## Work instruction
Omit all pictures. Print the remaining lines exactly, from the start of the data through the line containing "- четыре конусных".

————

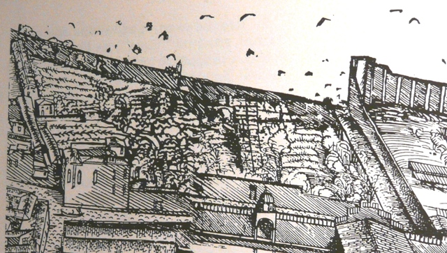 (particolare della veduta di Venezia del 1500 di Jacopo de’ Barbari. In basso al centro il grande Capitello sul muro di confine nord dell’Arsenal
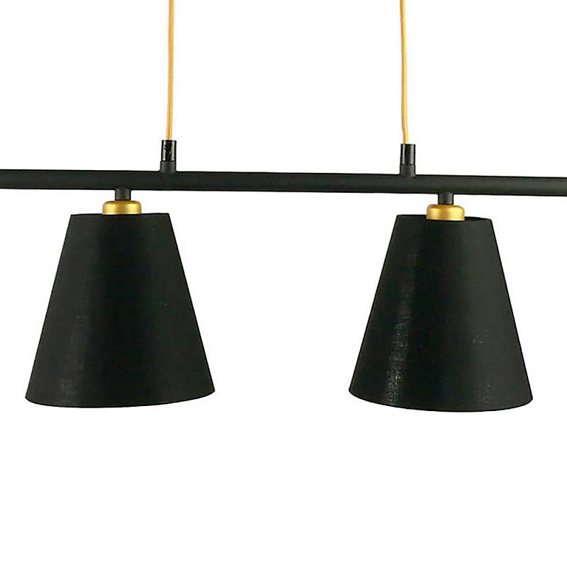 - четыре конусных плафона из черной ткани слегка просвечивается при включении, что позволяет создать уютную атмосферу;
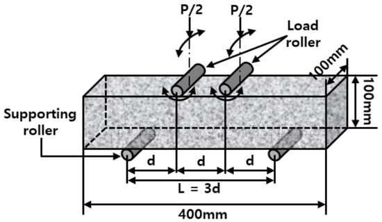 The compressive strength and splitting tensile strength of concrete are considered as the most important parameters. Flexural strength on the other hand is of relatively low importance, but a critical factor that can predict the load that can lead to defects such as the start of cracks []. Fibers added during the mixing process of concrete are randomly dispersed while being meshed and entangled around the aggregate. Through this process, fiber-reinforced concrete has a high tensile strength compared to plain concrete []. This test was conducted to evaluate the flexural strength of concrete added with waste fibers, and it was conducted according to KS F 2408 “Standard test method for flexural strength of concrete” []. The prismatic specimens of 100 × 100 × 400 mm wet cured during the designed age were used. The specimen was placed on equipment of the same model as the compressive strength equipped with the jig for measuring flexural strength, and the load was applied at a rate of 0.06 ± 0.04 MPa/s until the specimen was destroyed by applying the three-element loading method as shown in Figure 5.
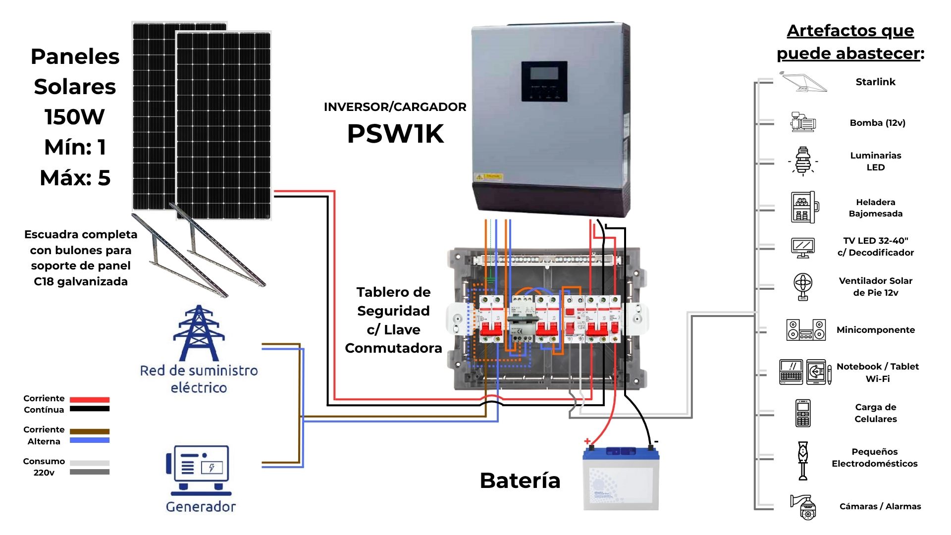 Inversor/Cargador 1KVA-1000W 50A PWM 12V Mod. PSW1K
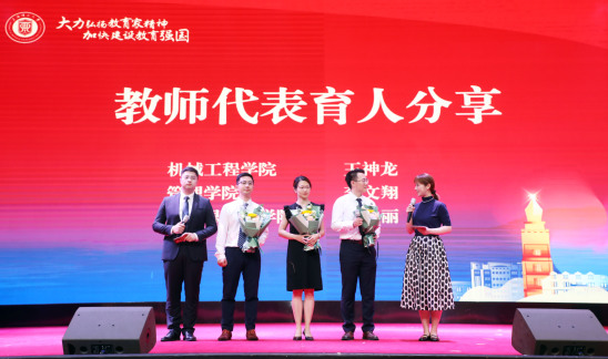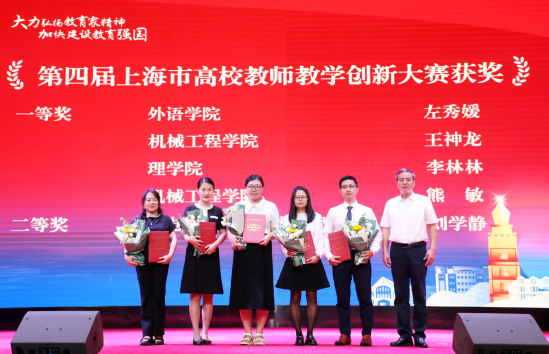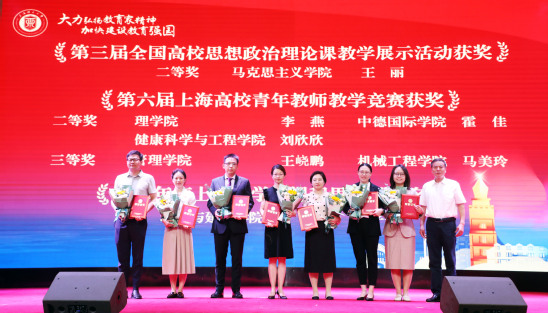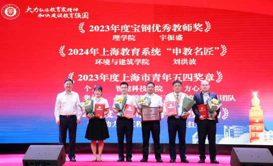 活动第二篇章伊始,《师者如光,微以致远》视频带领大家感受了上理教师身上熠熠生光的教育家精神。会上,校领导先后为“同学心目中的好老师”、国家级重大科创赛事优秀指导教师、上海市级各项教学竞赛获奖教师以及荣获“宝钢优秀教师”、上海教育系统“申教名匠”、“上海市青年五四奖章”、“上海市辅导员年度人物”等荣誉的教师颁奖。随后,王神龙、李文翔和王丽作为获奖教师代表分享了他们的育人故事。
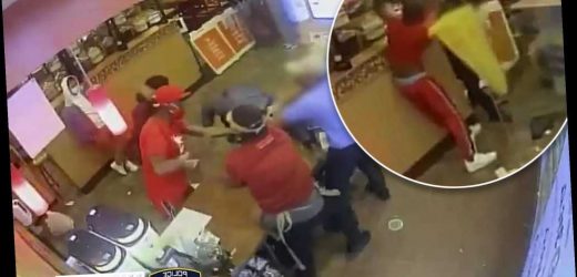 Wild video shows two irate Bronx Popeyes customers pummeling another man — including with a “Wet Floor” sign — following a dispute over who was supposed to be served first, according to the NYPD.
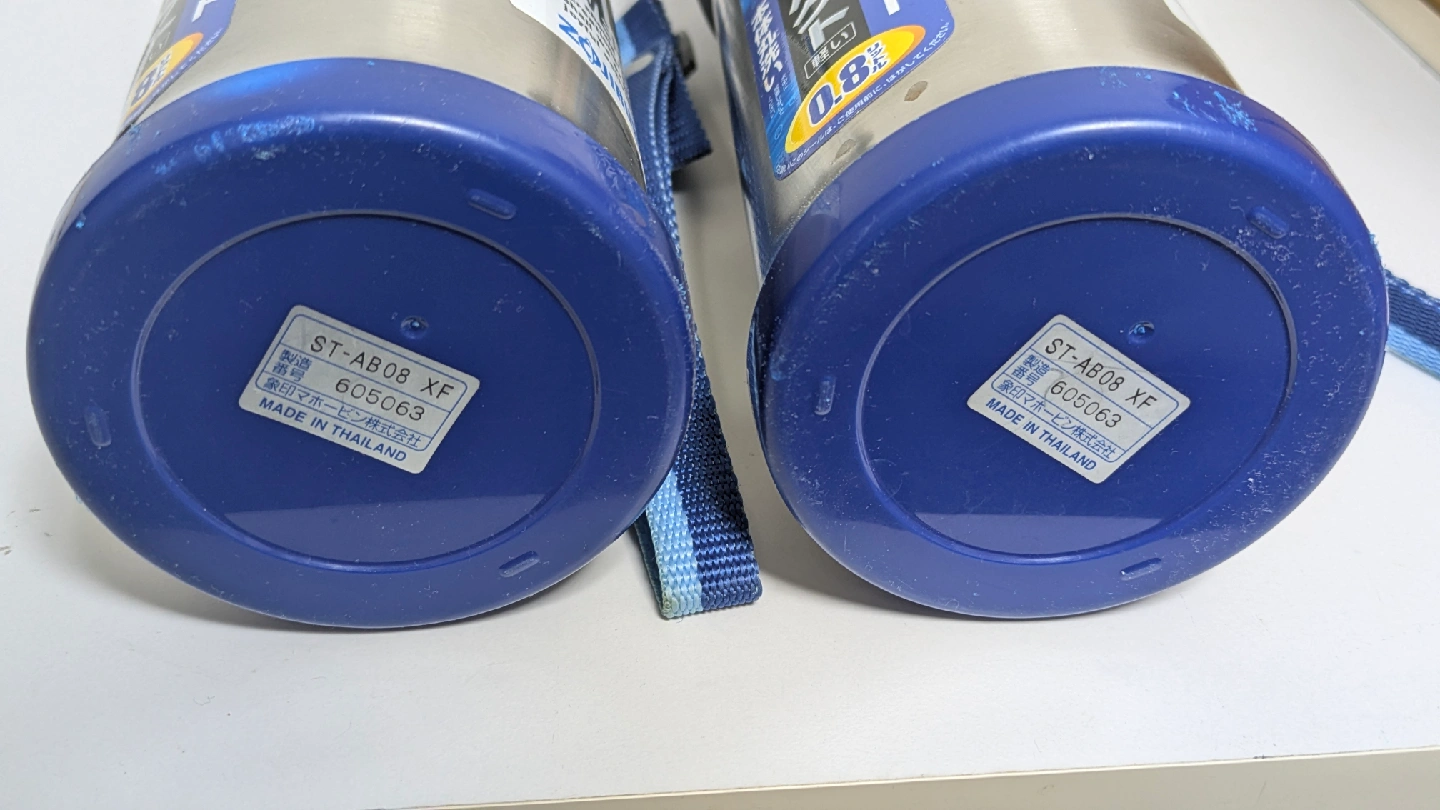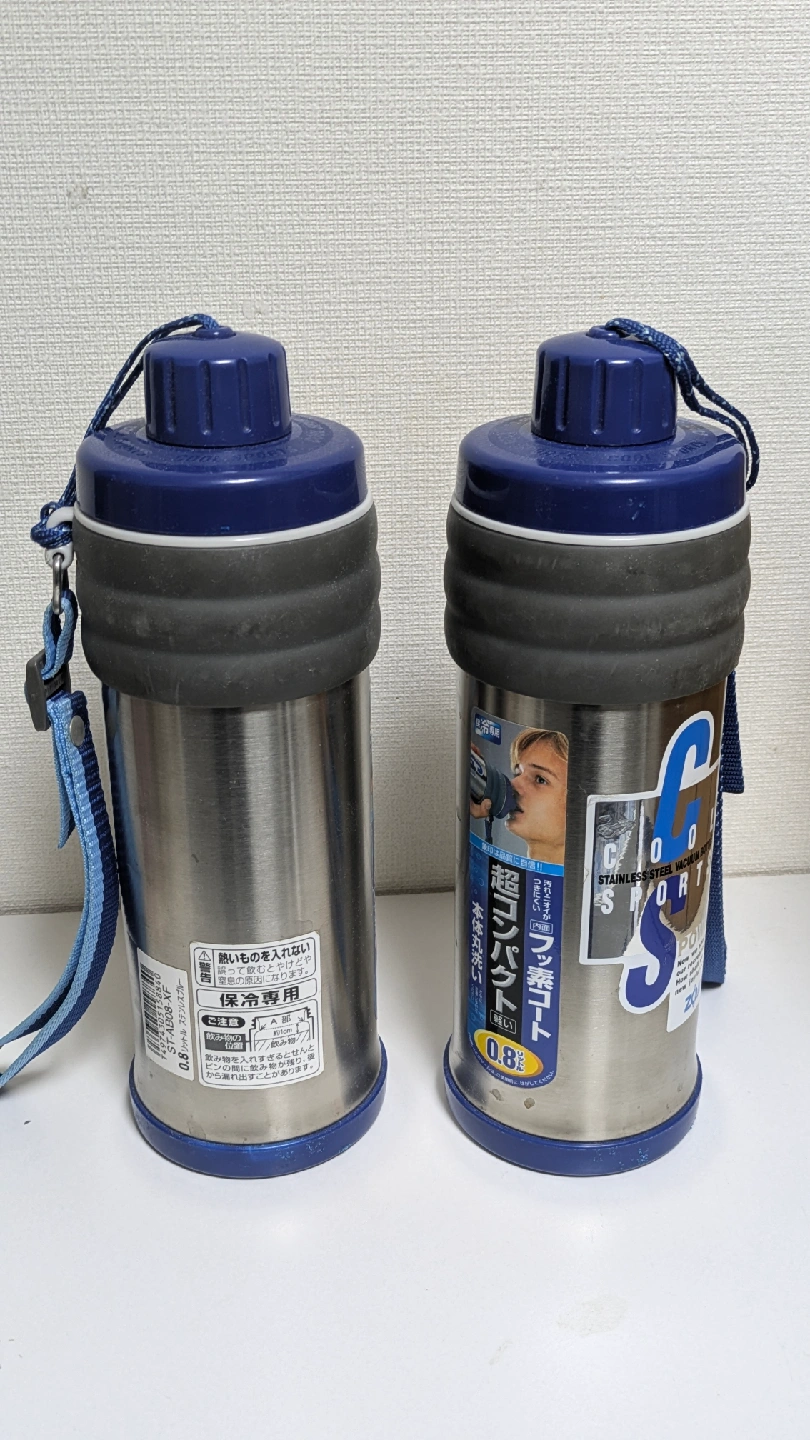 ステンレスボトル2本セットです。 1本だけの場合は、1本500円でお願いします。 ・容量:0.8L ・型番:ST-AB08 XF ・ステンレス製 ・カラー:シルバー、ブルー ・使用感あり 中古品であることご了承ください。

————

## Response to this exercise
 (particolare della veduta di Venezia del 1500 di Jacopo de’ Barbari. In basso al centro il grande Capitello sul muro di confine nord dell’Arsenal
 - четыре конусных плафона из черной ткани слегка просвечивается при включении, что позволяет создать уютную атмосферу;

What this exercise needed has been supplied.